December 22nd, 1997
Fisher
The following is my holiday gift to you. Orginally produced as a signed, limited edition in Old English lettering, you may feel free to print it out on a
nice grade of legal size parchment paper, and frame it for your den or tying
corner. There are still a few originals around, so if you enjoy the story as
much as I, let me know and I can get you the information on how to get
one. Keep the faith - JC
"A fine day it is, Fisher."
"It is, Mentor, it truly is."
"See across there, Fisher, how the trout takes the tiny fly from
the surface so gently."
"Let me sit here beside you Mentor, so that I may observe
also."
"Yes, Fisher; please join me here on this log and keen thy
senses to the brook before us, and the melodrama unfolding."

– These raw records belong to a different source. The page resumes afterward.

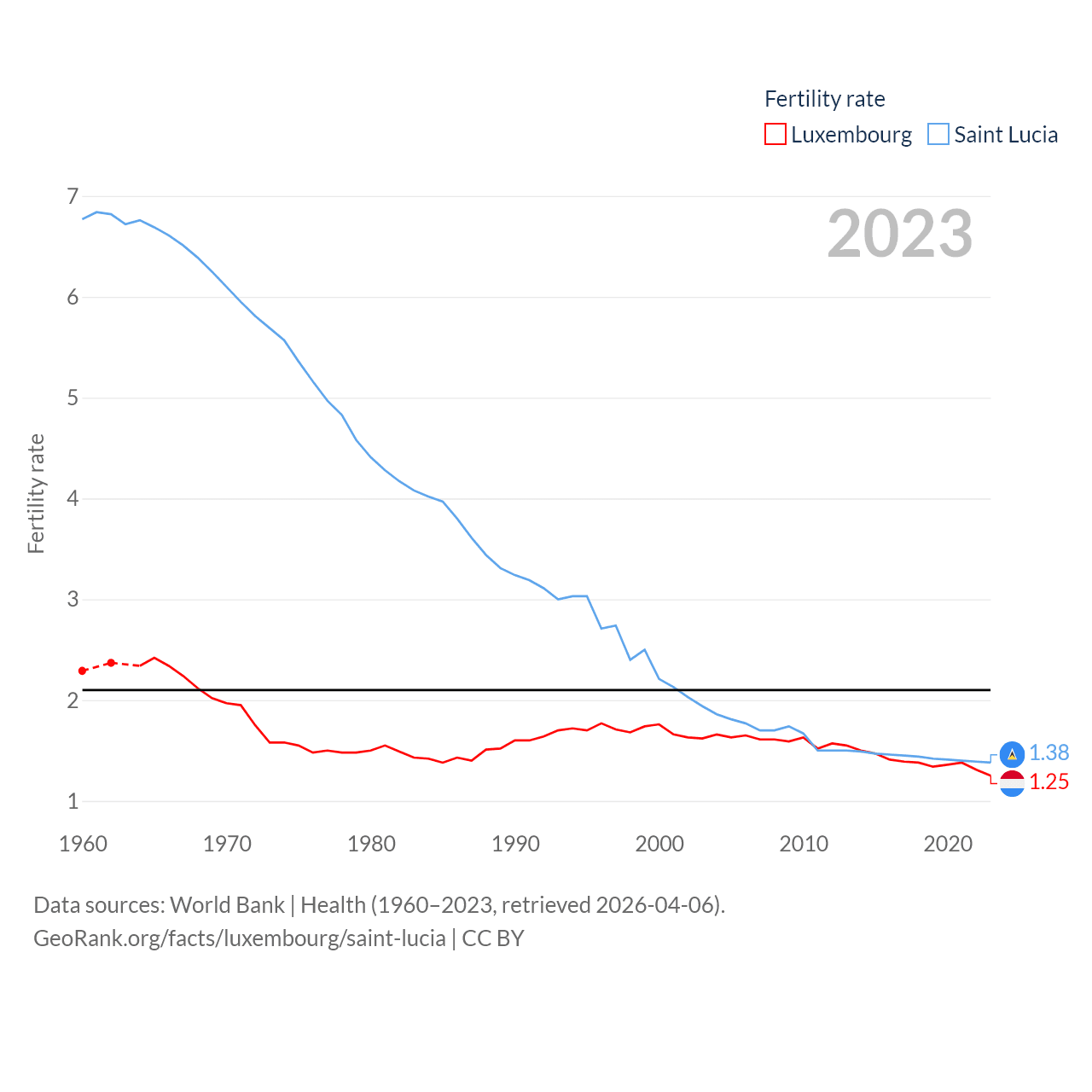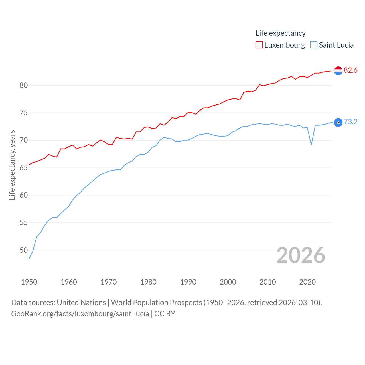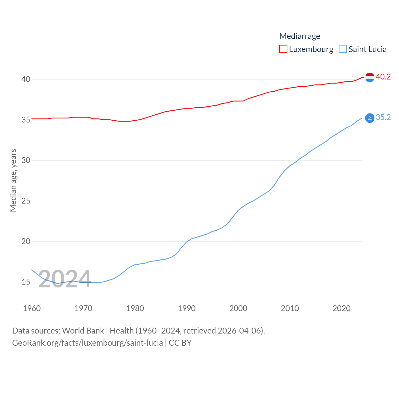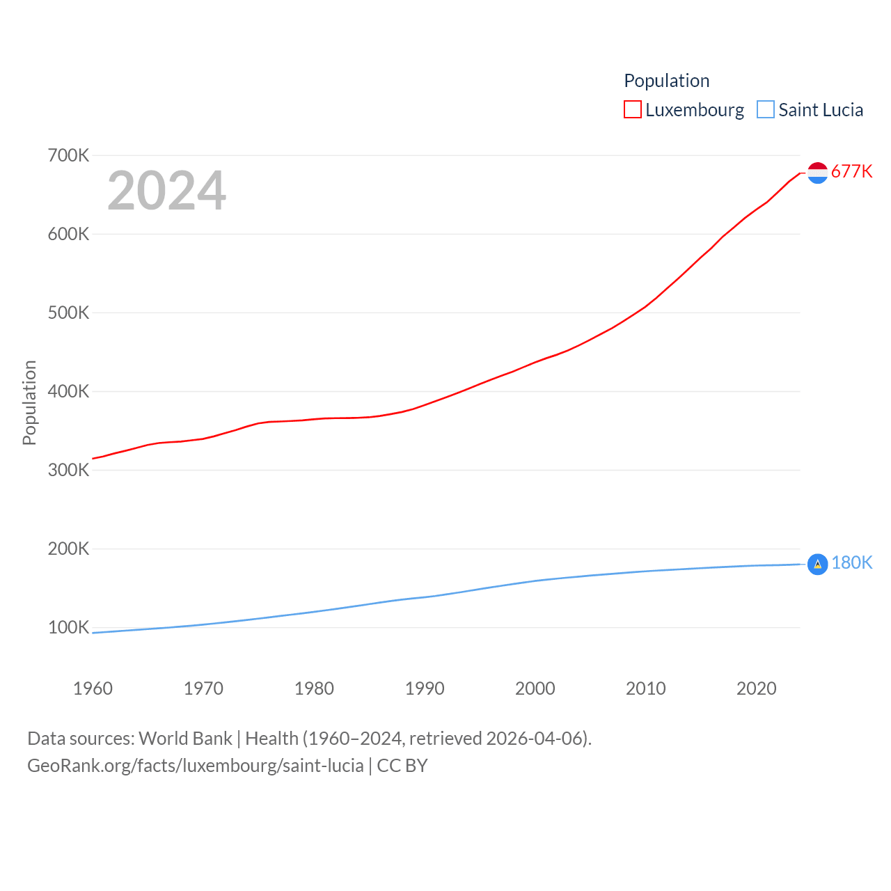 Luxembourg has a population of 677K (ranked 164/197), compared with 180K in Saint Lucia (ranked 178/197). Luxembourg's land area is 994 sq mi versus 235.5 sq mi for Saint Lucia (ranked 169th vs. 178th).
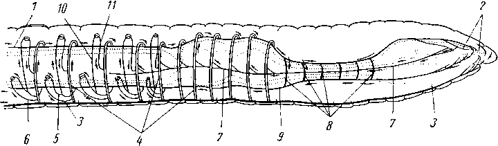 1 — спинной сосуд, 2 — капилляры головы, 3—невральные сосуды (для простоты показан один); 4 — париетальные сосуды, 5 — входящий сосуд мстансфридия, 6 — его выносящий сосуд, 7 — латеральный сосуд, 8 — «сердце», 9 — брюшной сосуд, 10 — входящий кожный сосуд, 11 — выносящий кожный сосуд. Схема упрощена — метанефридиальные и кожные сосуды показаны лишь частично, чтобы оставались ясными отношения латеральных сосудов и т. п. Стрелки показывают направление кровяного тока, кишечная трубка показана пунктиром
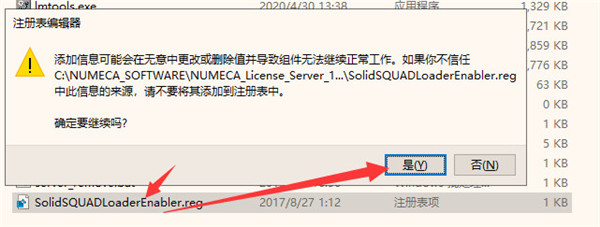 10、运行“ NUMECA_License_Server_11.16.4.0_x64 \ SolidSQUADLoaderEnabler.reg”,并确认将信息添加到Windows注册表中
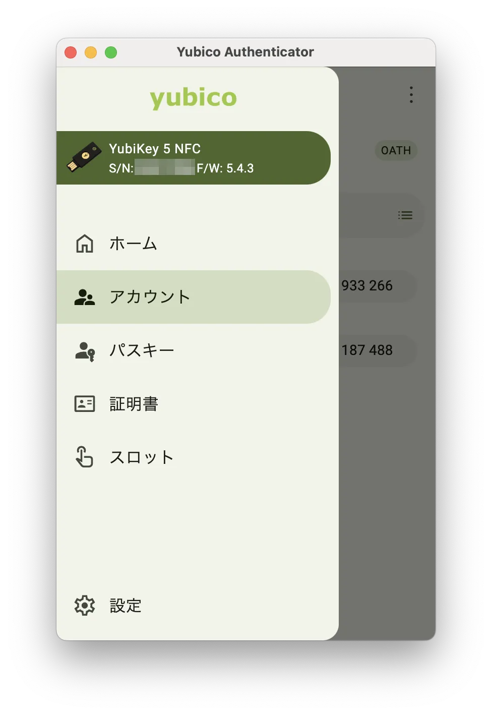 4. Yubico Authenticatorアプリにアカウントが追加されていればOKです.
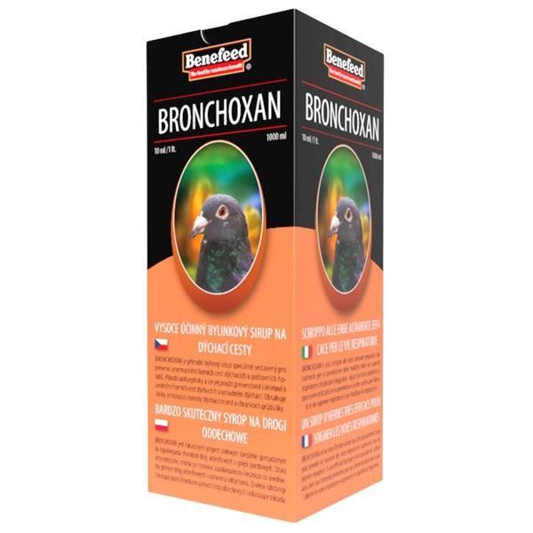 BRONCHOXAN je přírodní bylinný sirup speciálně sestavený pro prevenci onemocnění horních cest dýchacích u poštovních holubů. Působí antisepticky a lze jej použít preventivně i léčebně k uvolnění horních cest dýchacích a usnadnění dýchání. Obsahuje látky omezující choroby dýchacích cest a chránících průdušky. Významně omezuje záněty dýchacích cest a napomáhá jejich pročištění. V případě zánětu rozpouští hleny a usnadňuje vyměšování sekretu.

"Mentor, why do we sit so? Why do we not apply our talents to
the task at hand? Tell me why, after so long a journey, you and I
are constrained to this site. Why we are not about the business at
foot. The wily adversary awaits and frolics merrily before our very
eyes. Why do we abide ?"
"Fisher? Do you observe the accuracy of the rise? I mean the
exact angle at which the trout does approach the surface? The
same angle, time after time, at which he intercepts the quarry? Do
you watch intently as he opens his mouth and as the stream flows
down through his gills, with it drops his quest? Never changing;
never altering his learned and proven technique. Do you, Fisher,
strive to know him? To know the deep inside feelings and thoughts
that propel him to shun experimentation; and yet stop him from
making movements that would be physically inefficient? Why does
he consistently do so, Fisher?"
"Mentor, why do you tantalize me so? As we sit here on this
fine morning the gentle breeze does bend the willow and betray to
the trout below the insect which has been harbored there upon. I
watch as one following another drifts to the whimsy of the gently
moving surface, only to be consumed in its very act of being born?"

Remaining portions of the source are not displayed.